(Items from a dataset)
────────────────────────────────────────

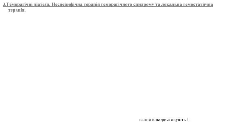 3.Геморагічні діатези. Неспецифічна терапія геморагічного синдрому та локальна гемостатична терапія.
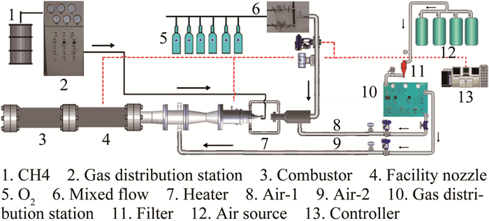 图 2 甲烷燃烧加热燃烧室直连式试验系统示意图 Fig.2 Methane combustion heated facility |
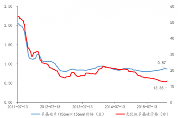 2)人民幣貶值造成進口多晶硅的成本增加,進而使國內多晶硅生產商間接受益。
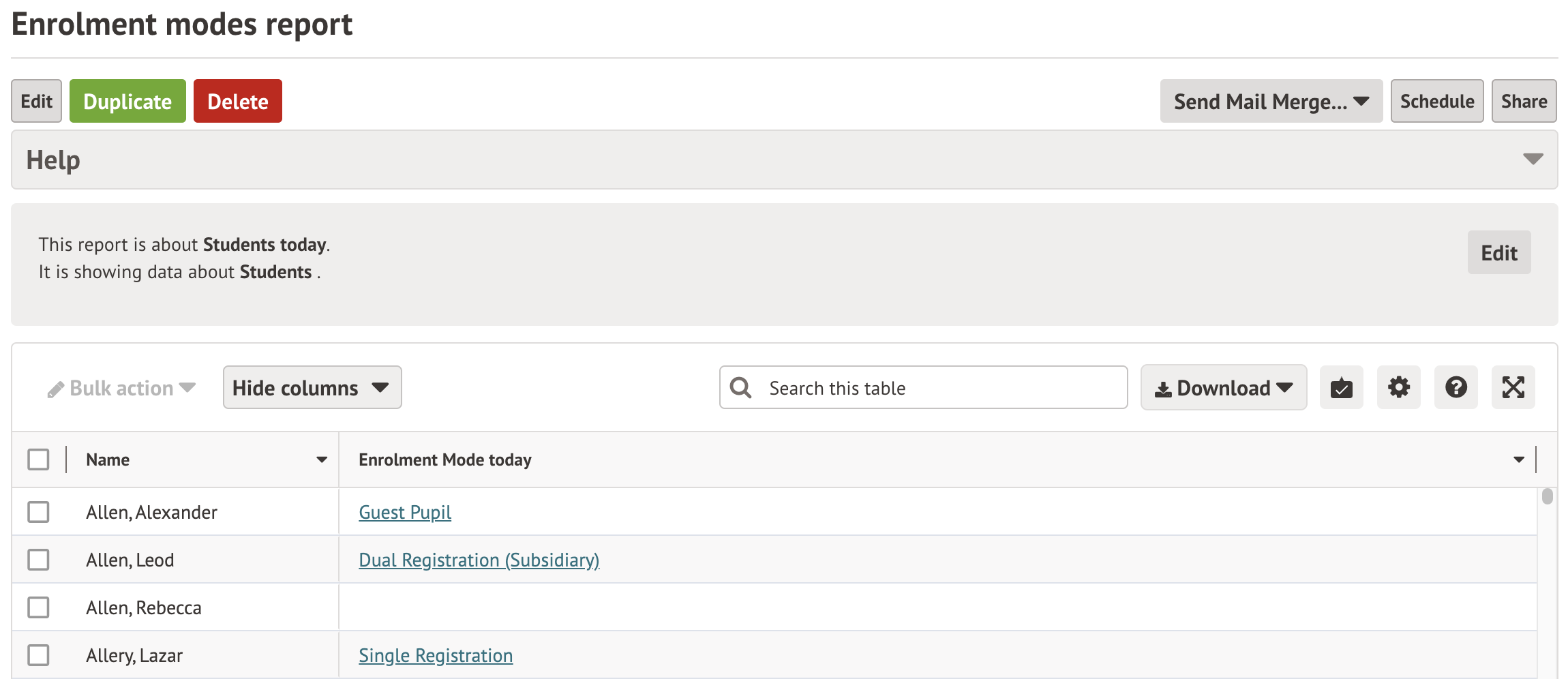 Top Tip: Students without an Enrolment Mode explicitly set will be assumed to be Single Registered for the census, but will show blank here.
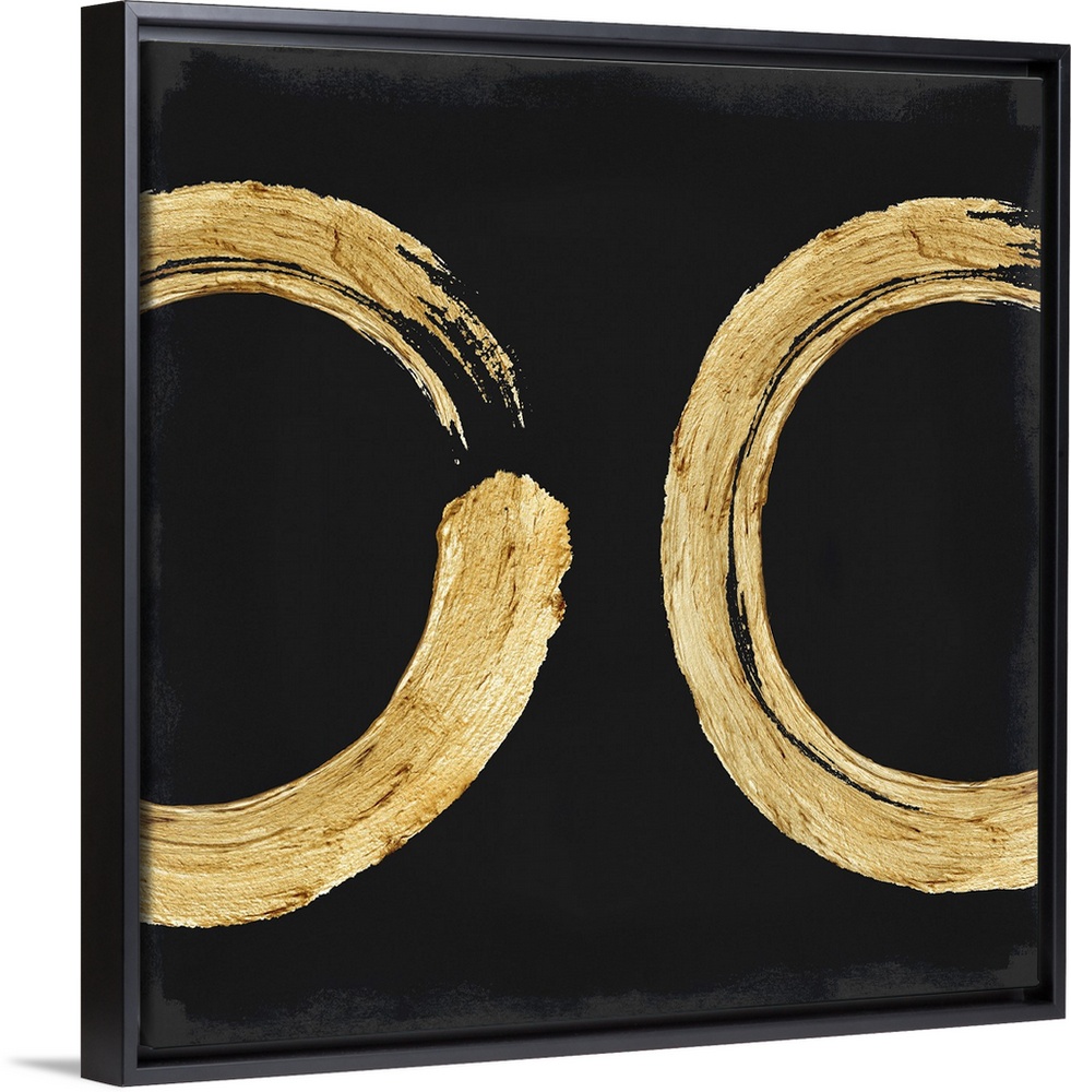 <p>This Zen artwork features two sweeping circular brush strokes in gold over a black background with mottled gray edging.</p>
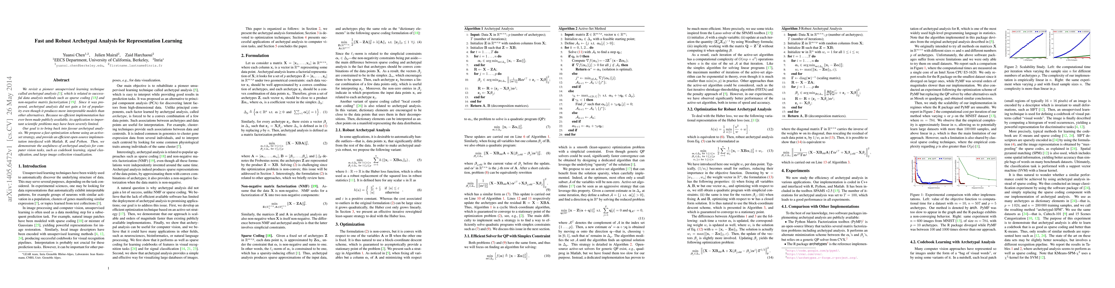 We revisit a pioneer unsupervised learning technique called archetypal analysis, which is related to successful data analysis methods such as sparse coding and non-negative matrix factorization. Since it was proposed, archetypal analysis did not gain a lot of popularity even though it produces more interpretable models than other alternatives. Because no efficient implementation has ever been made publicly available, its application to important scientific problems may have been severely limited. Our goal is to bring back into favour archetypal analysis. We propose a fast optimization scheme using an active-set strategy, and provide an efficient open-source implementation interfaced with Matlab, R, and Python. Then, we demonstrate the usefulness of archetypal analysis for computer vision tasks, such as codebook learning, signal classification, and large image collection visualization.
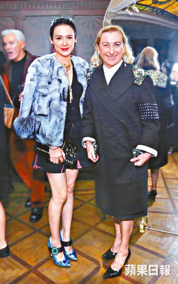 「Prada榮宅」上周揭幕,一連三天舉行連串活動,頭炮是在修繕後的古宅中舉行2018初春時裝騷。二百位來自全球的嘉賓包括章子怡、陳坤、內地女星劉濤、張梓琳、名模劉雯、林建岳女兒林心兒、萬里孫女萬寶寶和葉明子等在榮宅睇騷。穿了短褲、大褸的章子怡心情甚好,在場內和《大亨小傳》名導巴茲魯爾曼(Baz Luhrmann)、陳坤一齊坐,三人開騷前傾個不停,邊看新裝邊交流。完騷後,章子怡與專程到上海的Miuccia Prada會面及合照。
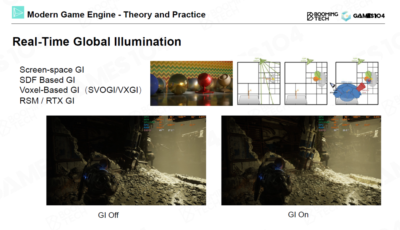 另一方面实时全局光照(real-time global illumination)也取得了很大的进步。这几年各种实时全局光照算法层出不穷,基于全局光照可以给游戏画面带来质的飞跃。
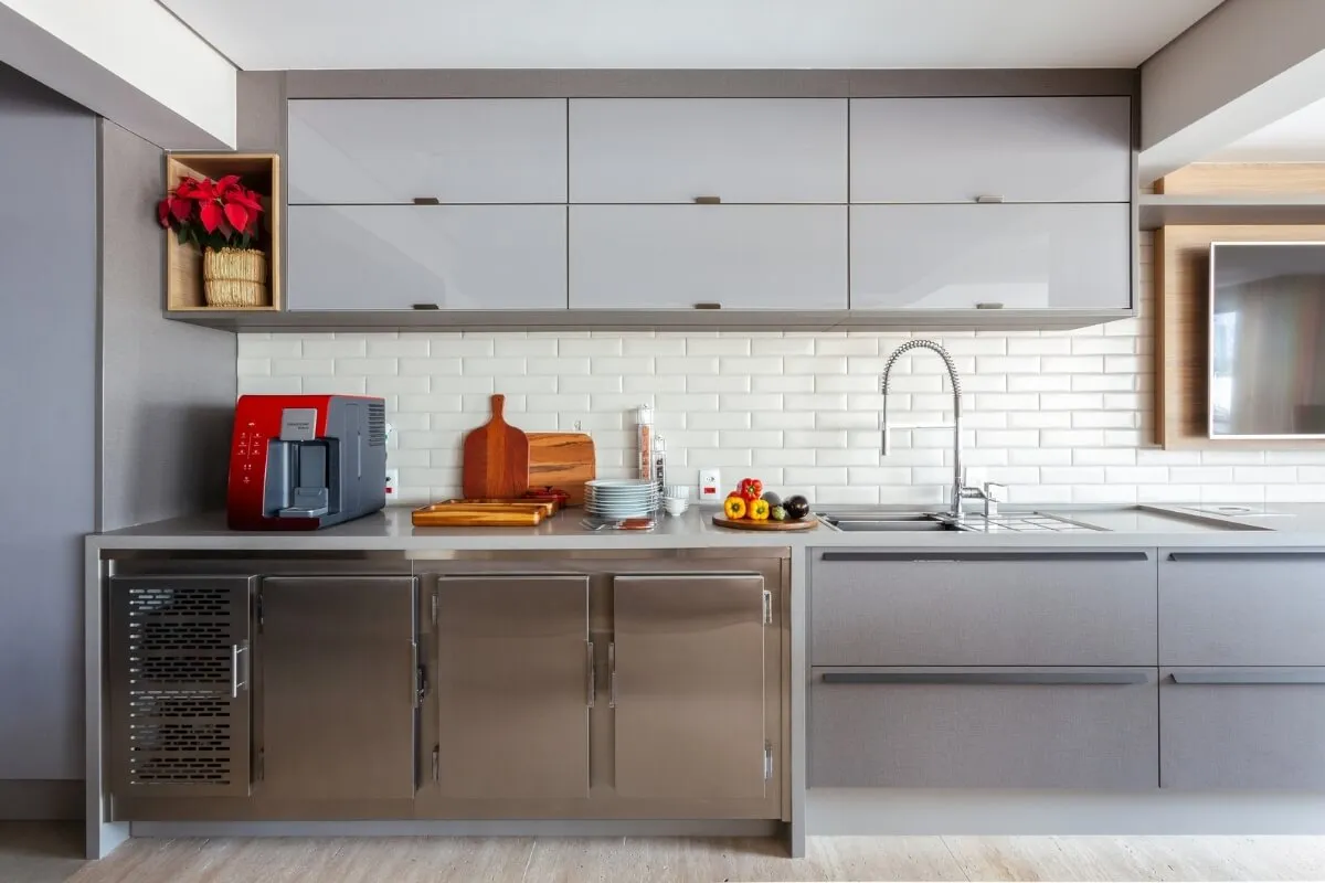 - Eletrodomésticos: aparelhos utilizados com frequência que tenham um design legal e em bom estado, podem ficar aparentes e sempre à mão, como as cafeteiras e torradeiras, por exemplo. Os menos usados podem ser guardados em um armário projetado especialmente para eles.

────────────────────────────────────────

- **WORK INSTRUCTIONS**
In your copy of the entries above, leave out the pictures and keep every word exact.

- **TASK OUTPUT**
 3.Геморагічні діатези. Неспецифічна терапія геморагічного синдрому та локальна гемостатична терапія.
 图 2 甲烷燃烧加热燃烧室直连式试验系统示意图 Fig.2 Methane combustion heated facility |
 2)人民幣貶值造成進口多晶硅的成本增加,進而使國內多晶硅生產商間接受益。
 Top Tip: Students without an Enrolment Mode explicitly set will be assumed to be Single Registered for the census, but will show blank here.
 <p>This Zen artwork features two sweeping circular brush strokes in gold over a black background with mottled gray edging.</p>
 We revisit a pioneer unsupervised learning technique called archetypal analysis, which is related to successful data analysis methods such as sparse coding and non-negative matrix factorization. Since it was proposed, archetypal analysis did not gain a lot of popularity even though it produces more interpretable models than other alternatives. Because no efficient implementation has ever been made publicly available, its application to important scientific problems may have been severely limited. Our goal is to bring back into favour archetypal analysis. We propose a fast optimization scheme using an active-set strategy, and provide an efficient open-source implementation interfaced with Matlab, R, and Python. Then, we demonstrate the usefulness of archetypal analysis for computer vision tasks, such as codebook learning, signal classification, and large image collection visualization.
 「Prada榮宅」上周揭幕,一連三天舉行連串活動,頭炮是在修繕後的古宅中舉行2018初春時裝騷。二百位來自全球的嘉賓包括章子怡、陳坤、內地女星劉濤、張梓琳、名模劉雯、林建岳女兒林心兒、萬里孫女萬寶寶和葉明子等在榮宅睇騷。穿了短褲、大褸的章子怡心情甚好,在場內和《大亨小傳》名導巴茲魯爾曼(Baz Luhrmann)、陳坤一齊坐,三人開騷前傾個不停,邊看新裝邊交流。完騷後,章子怡與專程到上海的Miuccia Prada會面及合照。
 另一方面实时全局光照(real-time global illumination)也取得了很大的进步。这几年各种实时全局光照算法层出不穷,基于全局光照可以给游戏画面带来质的飞跃。
 - Eletrodomésticos: aparelhos utilizados com frequência que tenham um design legal e em bom estado, podem ficar aparentes e sempre à mão, como as cafeteiras e torradeiras, por exemplo. Os menos usados podem ser guardados em um armário projetado especialmente para eles.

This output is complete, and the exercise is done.